** Assignment **
A verbatim copy of the listing is what is needed, minus any pictures.

** Data below **
--- --- ---
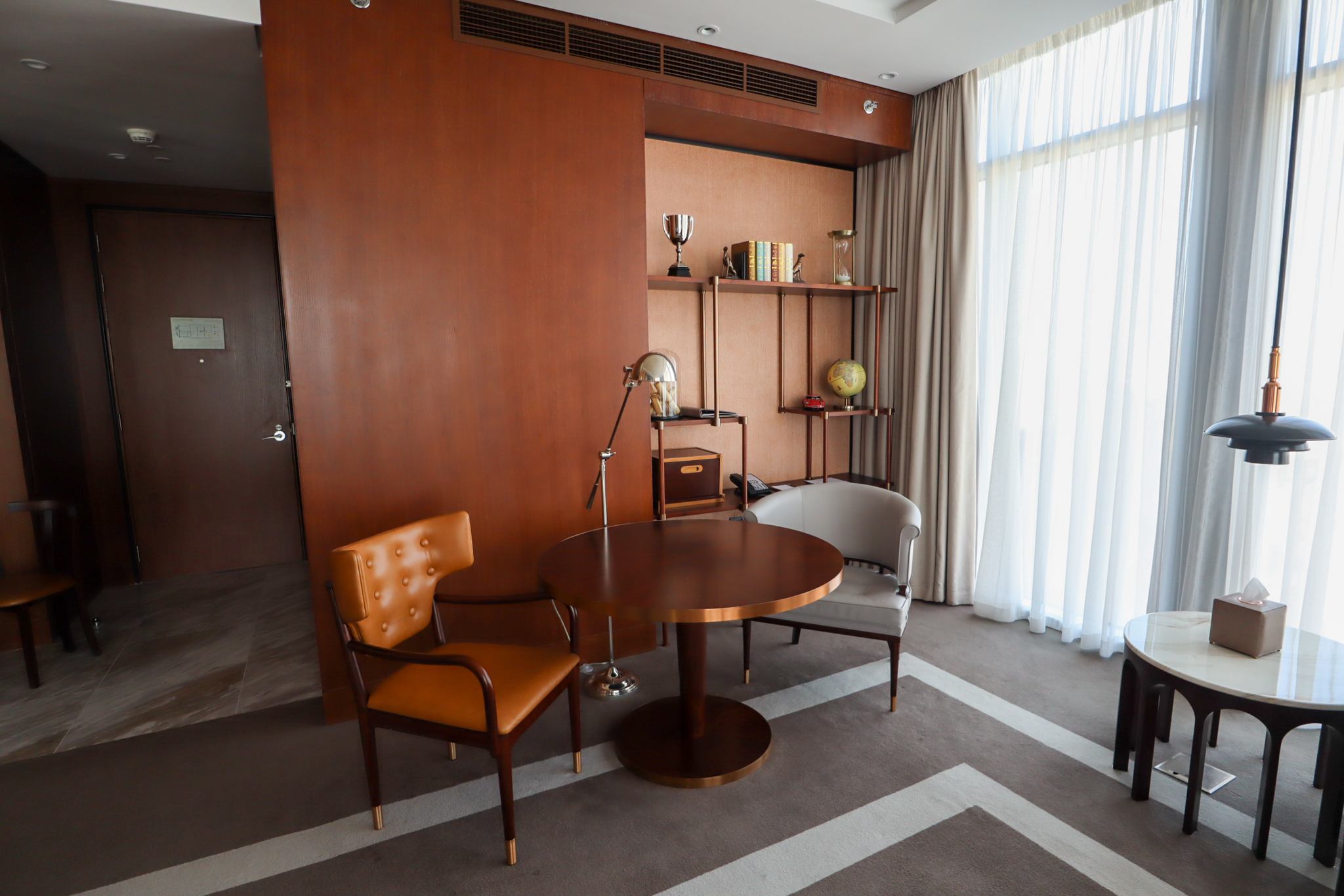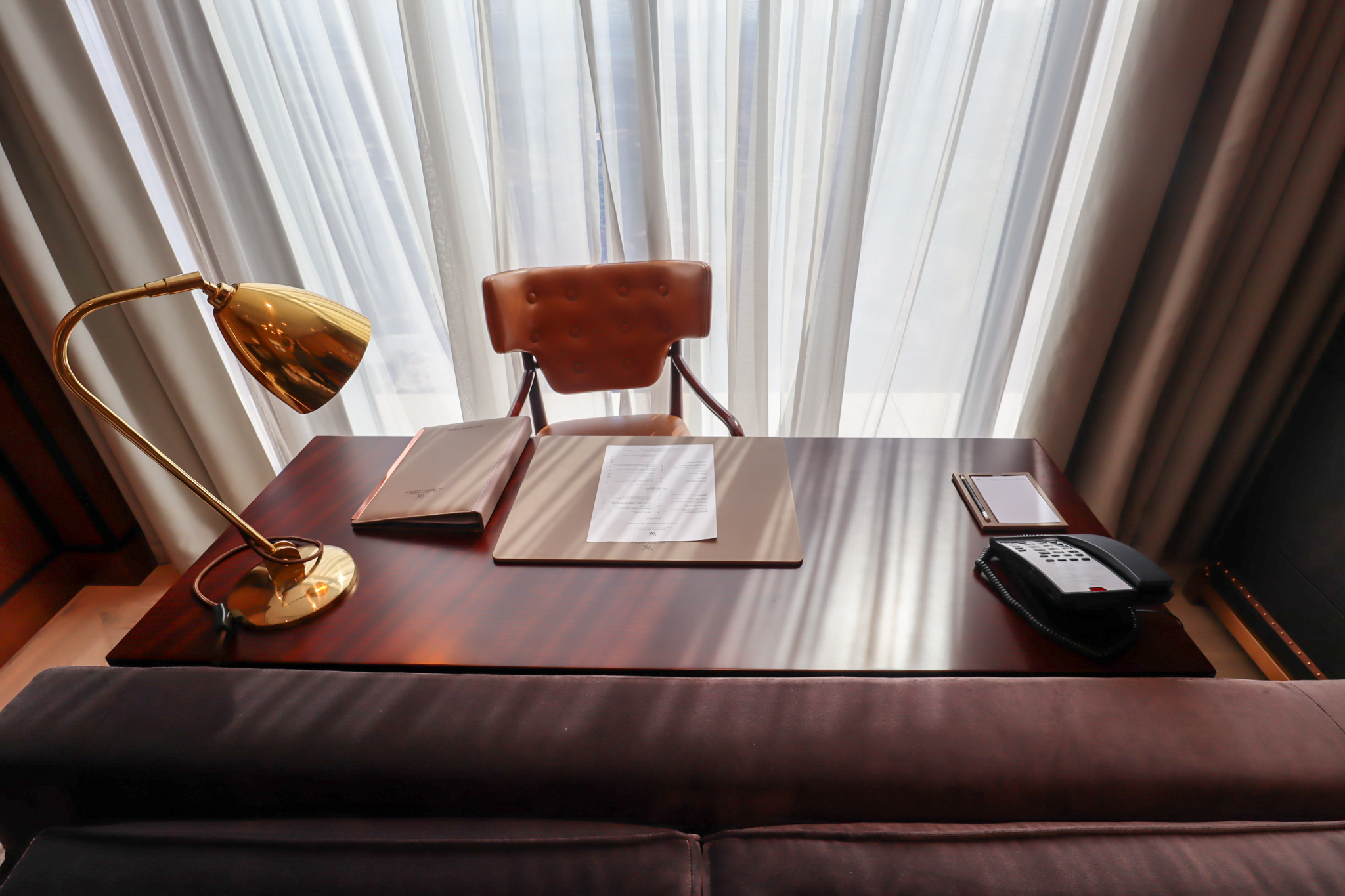 Over on the far side of the room was a large wooden desk. At first glance, this seemed to me like it would be an extremely inspiring spot to work from, but it turned out to be a bit challenging to work here during the daytime because of the glare from the window immediately behind the desk. Perhaps the only real design flaw in the whole of the King Premier Suite.
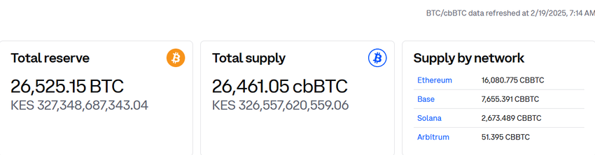 وفقًا لبيانات PoR، فإن بورصة كوينبيس تحتفظ بإجمالي احتياطي يبلغ 26525,15 BTC، مع عرض cbBTC المقابل لـ 26461,05 رمزًا.
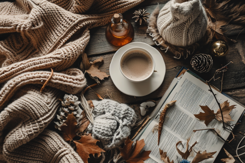 Close-up of a couple’s hands holding mugs in a cozy winter setting by a fireplace. Only the hands and mugs are visible, with no faces or identifiable people in the frame. The scene is softly lit by the warm glow of the fire, with hints of Christmas decorations and candles in the background for a festive, intimate atmosphere. Focus on the texture of the sweaters and the warmth of the moment, with a gentle bokeh effect to enhance the cozy feel --style raw --s 750
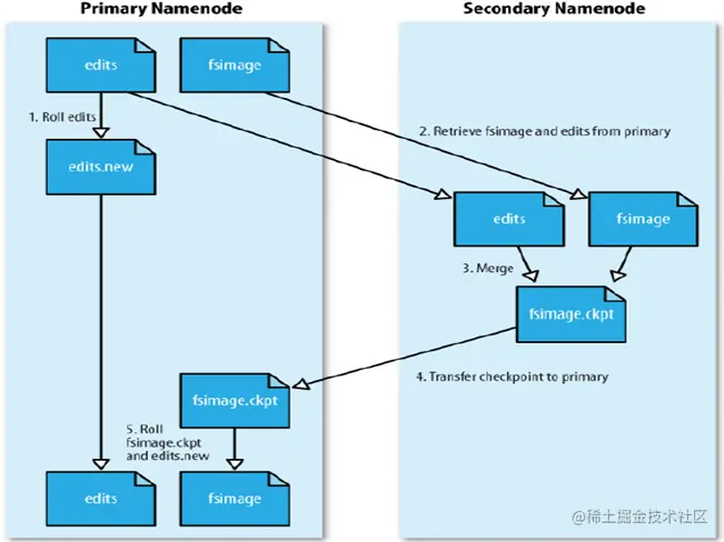 - 这个过程结束后,NameNode就有了最新的fsimage文件和更小的edits文件
--- --- ---
** Solution for this exercise **
 Over on the far side of the room was a large wooden desk. At first glance, this seemed to me like it would be an extremely inspiring spot to work from, but it turned out to be a bit challenging to work here during the daytime because of the glare from the window immediately behind the desk. Perhaps the only real design flaw in the whole of the King Premier Suite.
 وفقًا لبيانات PoR، فإن بورصة كوينبيس تحتفظ بإجمالي احتياطي يبلغ 26525,15 BTC، مع عرض cbBTC المقابل لـ 26461,05 رمزًا.
 Close-up of a couple’s hands holding mugs in a cozy winter setting by a fireplace. Only the hands and mugs are visible, with no faces or identifiable people in the frame. The scene is softly lit by the warm glow of the fire, with hints of Christmas decorations and candles in the background for a festive, intimate atmosphere. Focus on the texture of the sweaters and the warmth of the moment, with a gentle bokeh effect to enhance the cozy feel --style raw --s 750
 - 这个过程结束后,NameNode就有了最新的fsimage文件和更小的edits文件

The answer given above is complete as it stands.